The rich of Amos's day cared not for their kindred in the faith. The Rich Man who, like all good Jews, recognized Abraham as his father, unfortunately did not recognize Lazarus as his brother. His circle of interest did not extend beyond his five brothers.

At times, the global village can seem to put impossible demands on one's concern and resources. The Christian's reply, however, cannot be one of doing nothing. The gospel suggests that believers can begin to make the world a family home by extending their concern beyond the family unit.

God urged Israel to 'widen the space of your tent' (Isaiah 54:2). This is a good image of what it means to belong to God's family, to share God's home life.

Both the reading from Amos, the great prophet of social justice, and the Gospel parable urge believers to a responsible use of material goods instead of a mere consumption of goods and services, the lifestyle which increasingly typifies global or western societies.
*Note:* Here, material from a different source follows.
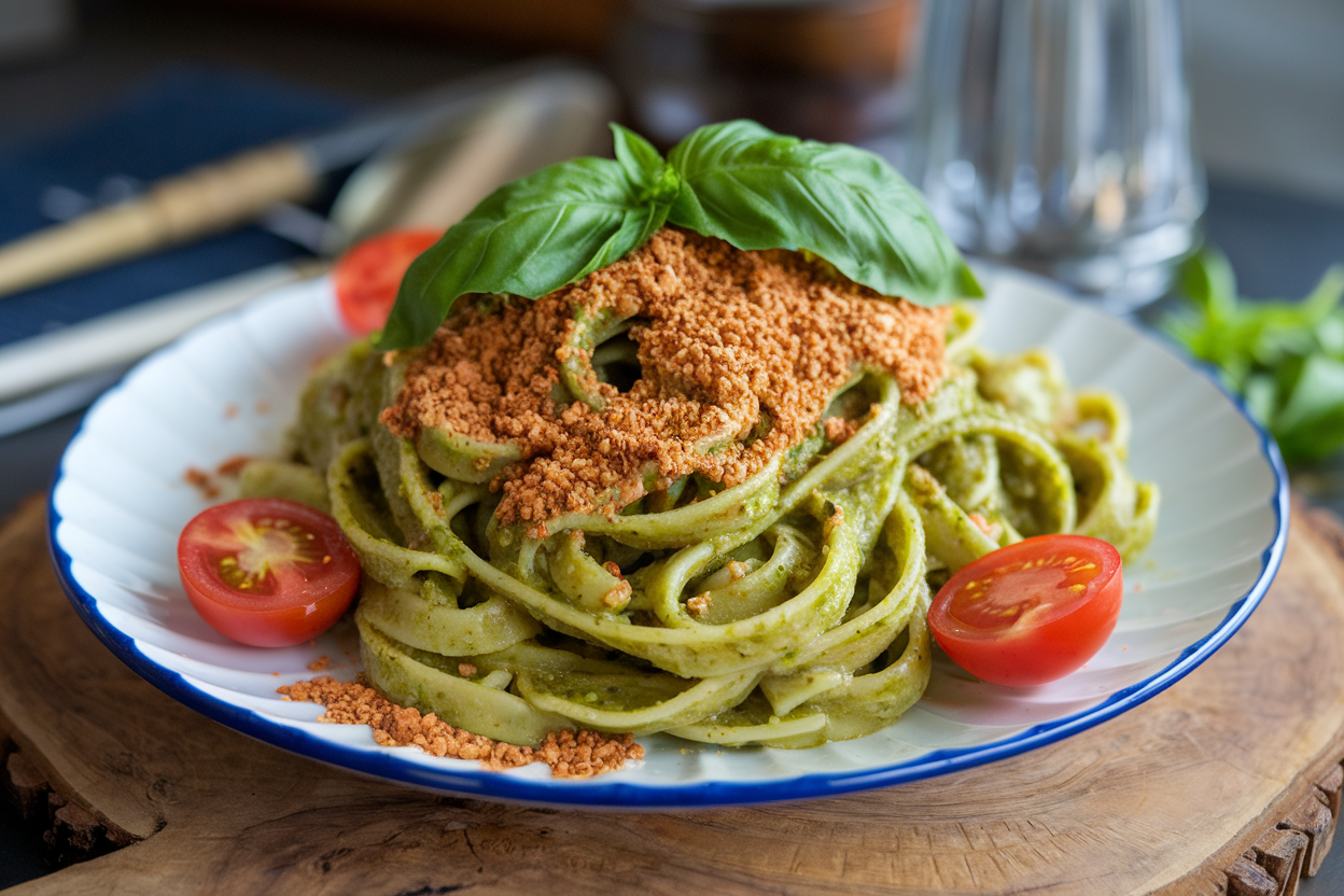 You want a meal that’s fast, flavorful, and makes you look like you’ve got your life together. Pesto pasta delivers, but we’re not stopping there. Add nutritional yeast, and suddenly this dish goes from “meh” to “more, please.” No fancy skills required—just a pot, a blender, and minimal effort.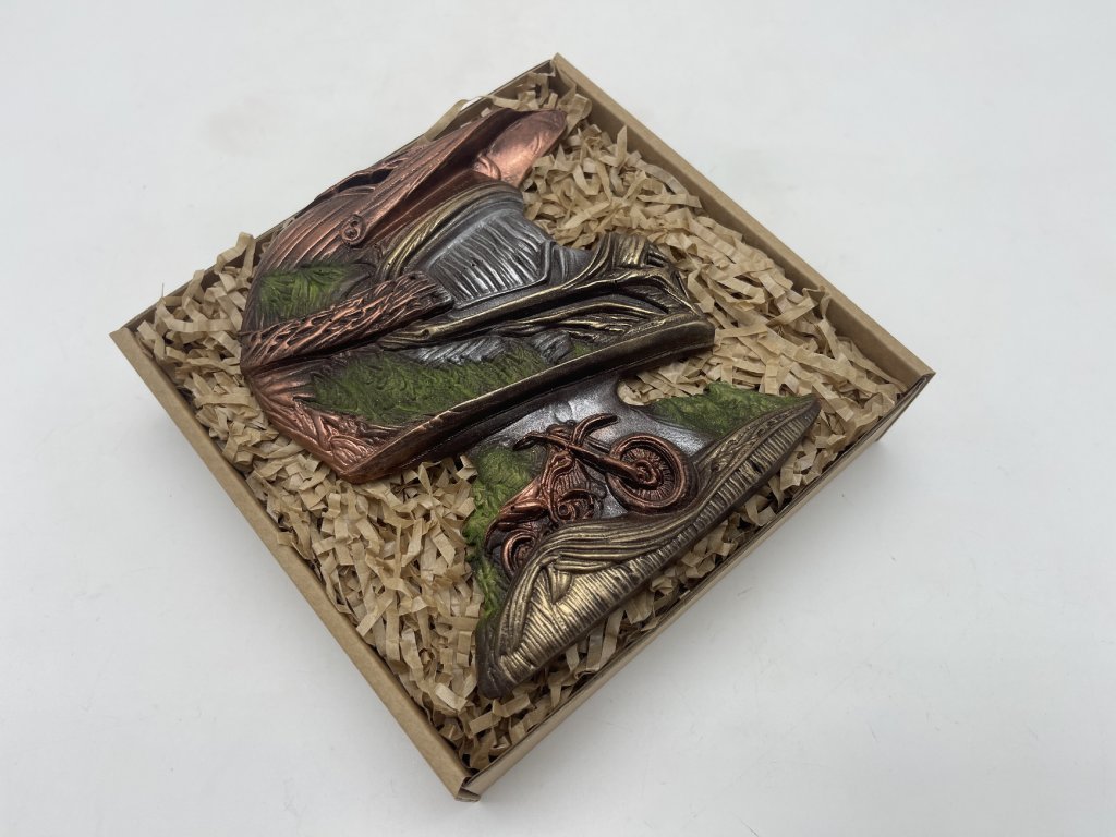 Originálny darček pre všetkých milovníkov adrenalínu, dobrodružstva a samozrejme čokolády! Táto ručne maľovaná čokoláda v tvare motokrosovej prilby s lesnou scenériou a motorkou v detailnom reliéfe poteší nielen oči, ale hlavne chuťové poháriky. Lahodná horká čokoláda s 58 % kakaa sa rozplýva na jazyku. Ideálne ako darček pre mužov, motorkárov alebo všetkých, ktorí milujú originálne čokoládové darčeky.

John Paul II in his constant cautions against the sinfulness of consumerism points out the insidiousness of this evil. Consumer consumption leads to practical atheism--the refusal to heed God's will for one's life--and steels one's heart against the needs of others through self-centredness.

As foils to self-centred dispositions, biblical teaching constantly presents gratitude to God for what has been received from the divine bounty--whatever role one's labor may have played in the acquiring of such goods--and the sharing of them with the less fortunate. St. Paul's wise advice on how goods can be shared may be helpful here (cf. 2 Cor 8:13-15).

Often the collections which are a regular part of the Church's calendar seem disconnected from the liturgical themes of a given Sunday.

Today's collection for the "Needs of the Canadian Church", however, may be seen to be part of the challenge to mete out the riches of the gospel to those who have not heard it. Or of interpreting the social demands of a gospel-based faith for today.

These directions are typical of the functions carried out by staff of the Bishops Conference, who must research the social and spiritual needs of the Catholic people of Canada for their religious leaders. Besides material goods, of course, Canadian Catholics are invited to share their spiritual capital by prayer and labour to support and implement the policies of their bishops.